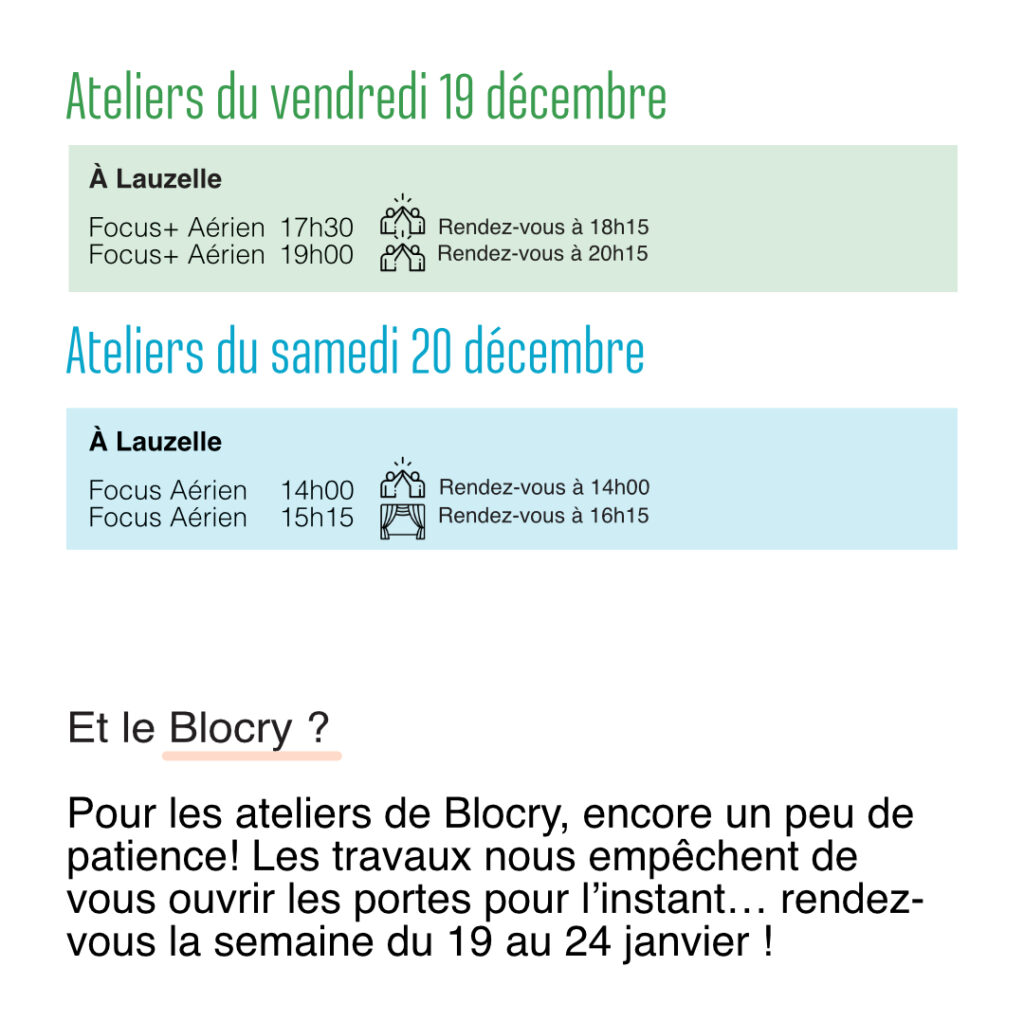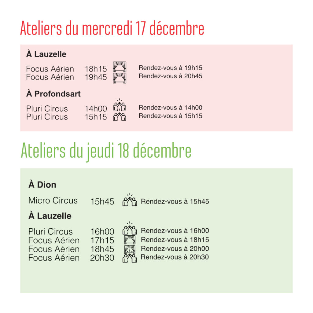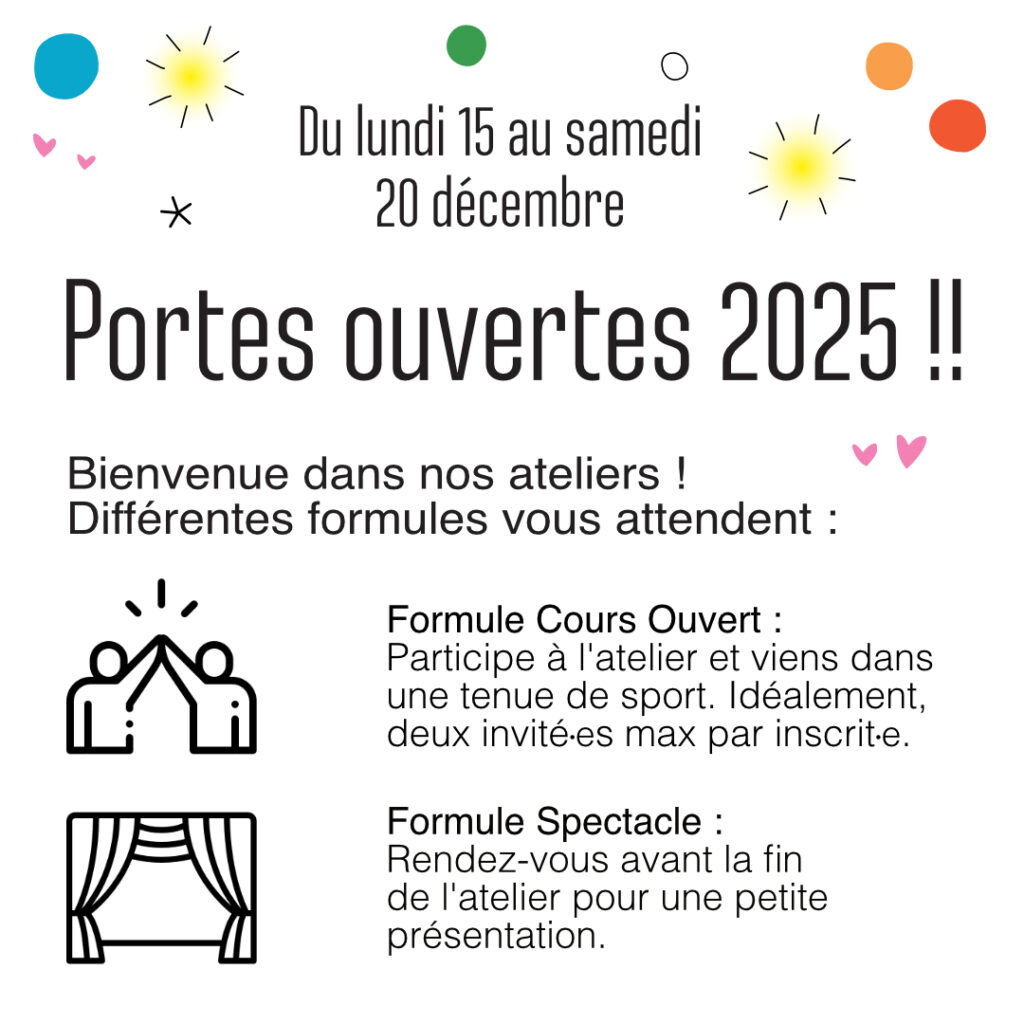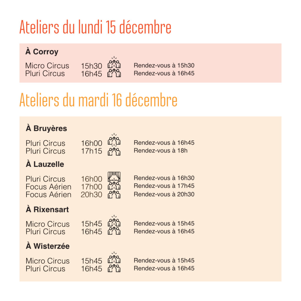 Les portes ouvertes des ateliers de l’École de Cirque du Brabant Wallon auront lieu du lundi 15 au samedi 20 décembre. Voici les horaires et modalités pour les différents ateliers :
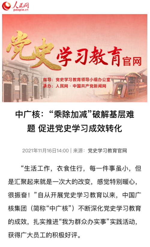 期間,中國廣核集團(簡稱“中廣核”)圍繞中心、服務大局,從乘、除、加、減四個方向持續深化黨史學習教育成效轉化,重點聚焦基層一線員工、科研人員、偏遠項目人員“急難愁盼”問題,用實際行動持續辦實事辦好事,大力營造攜手團結奮斗、共筑復興偉業的濃厚氛圍,強化思想引領、凝聚發展合力。
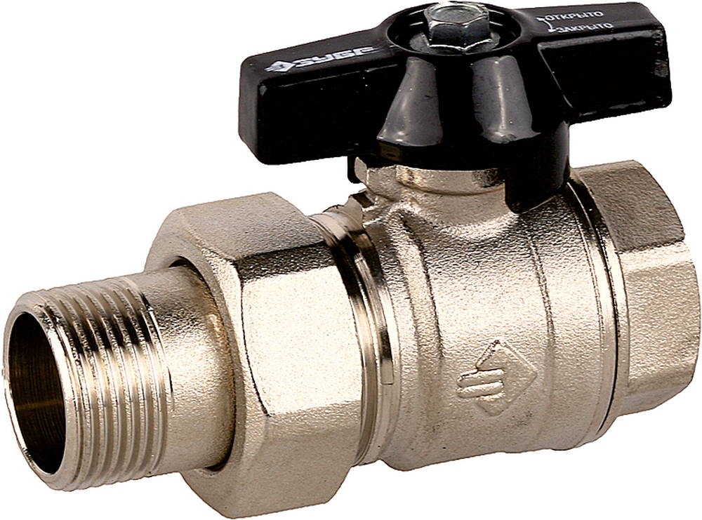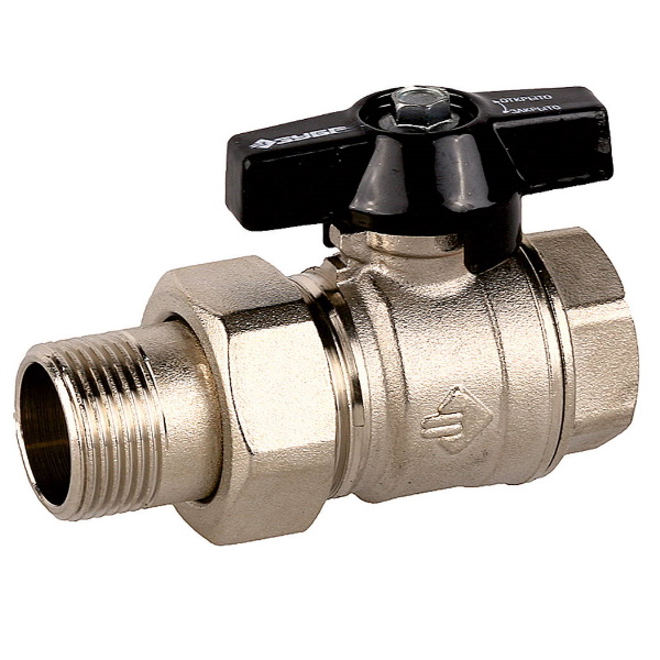 Кран шаровой с накидной гайкой мама-папа 3/4" Зубр 4-51327-C-3/4 используется с трубопроводными системами.
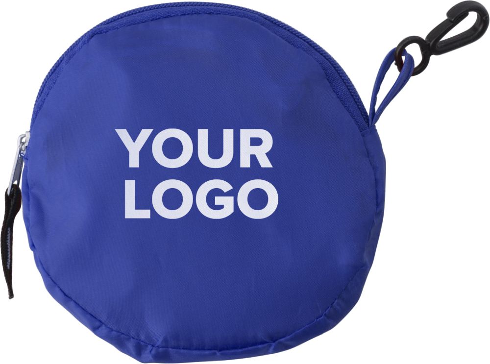 Skládací nákupní taška v pouzdře s klipem, polyester 190 T. Rozměry: složená 8 x 2,5 x 10 cm, rozložená 43 x 38 x 9 cm.

Description of the task> When you reach a picture, pass over it; write out all other material exactly.

Task answer>
 Les portes ouvertes des ateliers de l’École de Cirque du Brabant Wallon auront lieu du lundi 15 au samedi 20 décembre. Voici les horaires et modalités pour les différents ateliers :
 期間,中國廣核集團(簡稱“中廣核”)圍繞中心、服務大局,從乘、除、加、減四個方向持續深化黨史學習教育成效轉化,重點聚焦基層一線員工、科研人員、偏遠項目人員“急難愁盼”問題,用實際行動持續辦實事辦好事,大力營造攜手團結奮斗、共筑復興偉業的濃厚氛圍,強化思想引領、凝聚發展合力。
 Кран шаровой с накидной гайкой мама-папа 3/4" Зубр 4-51327-C-3/4 используется с трубопроводными системами.
 Skládací nákupní taška v pouzdře s klipem, polyester 190 T. Rozměry: složená 8 x 2,5 x 10 cm, rozložená 43 x 38 x 9 cm.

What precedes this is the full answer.